All eyes on M+, and Hong Kong, as Chinese Contemporary Art exhibition set to open
The opening this week of the ‘Four Decades of Chinese Contemporary Art’ exhibition, which provides a taster of the astonishing collection Uli Sigg has donated to Hong Kong, marks a crucial moment not just for West Kowloon’s M+, but also for the city itself, writes Enid Tsui

Rarely has there been so much riding on an art exhibition. With “Four Decades of Chinese Contemporary Art”, which opens on Tuesday, the custodians of the future M+ will try to convince a sceptical Hong Kong public that the much-delayed opening of the museum, which is now expected in 2019, will be worth the wait.
They will do so by giving locals a first glimpse of some of the most important contemporary art the city has ever owned. But given the nature of the exhibition – selected highlights from the M+ Sigg collection: 80 pieces by 50 artists presented in chronological order – the curators have a significant additional burden. They must prove they can relate the politically charged history of Chinese contemporary art without interference, that the HK$5 billion Herzog and de Meuron-designed waterfront landmark will be home to uncensored exhibitions and research, and that the West Kowloon Cultural District will not turn out to be a white elephant that confirms Hong Kong is losing its freedom of expression.

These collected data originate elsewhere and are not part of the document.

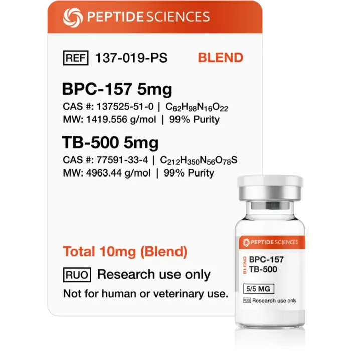 The BPC-157/TB-500 10 mg blend combines 5 mg of BPC-157, a pentadecapeptide from human gastric juice, with 5 mg of TB-500, a Thymosin Beta-4 fragment. It's designed for research into synergistic tissue repair and inflammation reduction.
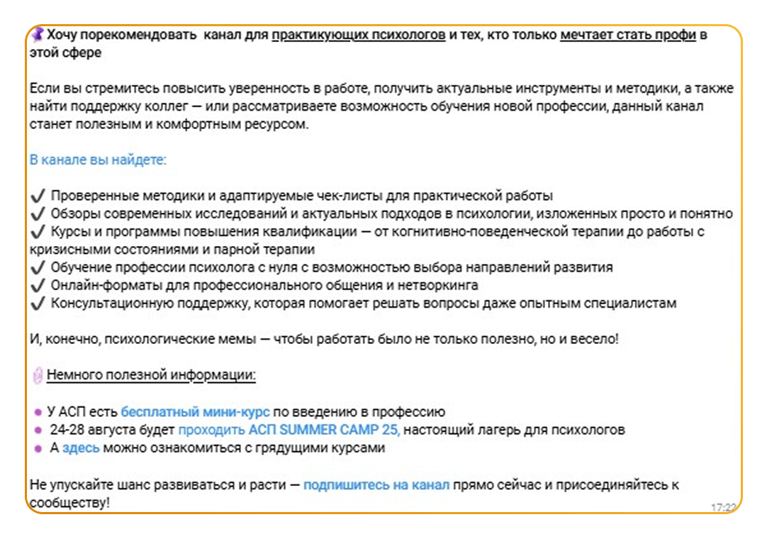 - Каналы конкурентов, где публикуются курсы, стажировки и программы для психологов. Выбор был очевиден: аудитория таких каналов уже ищет обучение, сравнивает варианты и готова к инвестированию в профессиональный рост. Это осознанная аудитория с высоким потенциалом конверсии.
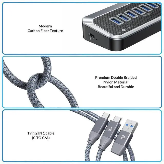 Extra Tough CableThis SETMSPACE USB C Hub c euipped with 2 in 1 cable. Not only for type-c port but also for usb-a port. And SETMSPACE HUB is precision-designed for heat resistance and incredible durability.
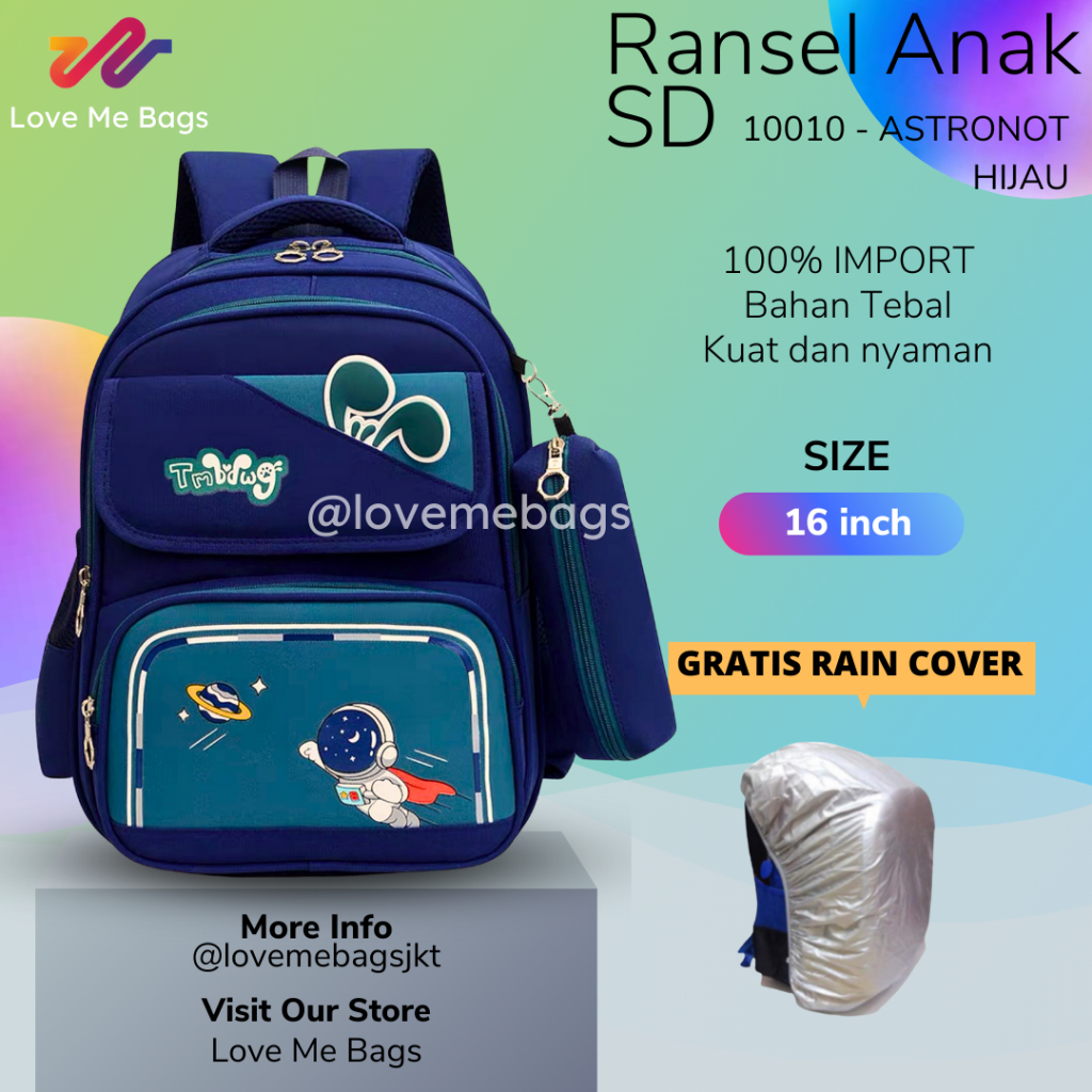 Lmb Tas Sekolah Anak Laki Laki Sd Astronot Ukuran 16In Bahan Nilon Premium Tebal Gratis Kotak Pensil

Watch: Hong Kong's contemporary art exhibition restores historic moments in China
In 2012, Uli Sigg donated the bulk of his Chinese art collection to M+. The 1,510 pieces, including 47 works that the museum bought separately from the Swiss collector, were valued at a total of HK$1.3 billion, and that figure will have risen since. Sigg’s is widely considered to be an unrivalled collection of Chinese art produced since the 1970s, based on size, quality and temporal span.
“It is a significant collection by somebody who hasn’t tried to amass it in a short space of time, someone with a long connection with China,” says Paul Gladston, director of the Centre for Contemporary East-Asian Cultural Studies at the University of Nottingham and an author of several books on Chinese contemporary art. “It probably is the most representative archival collection of its kind.”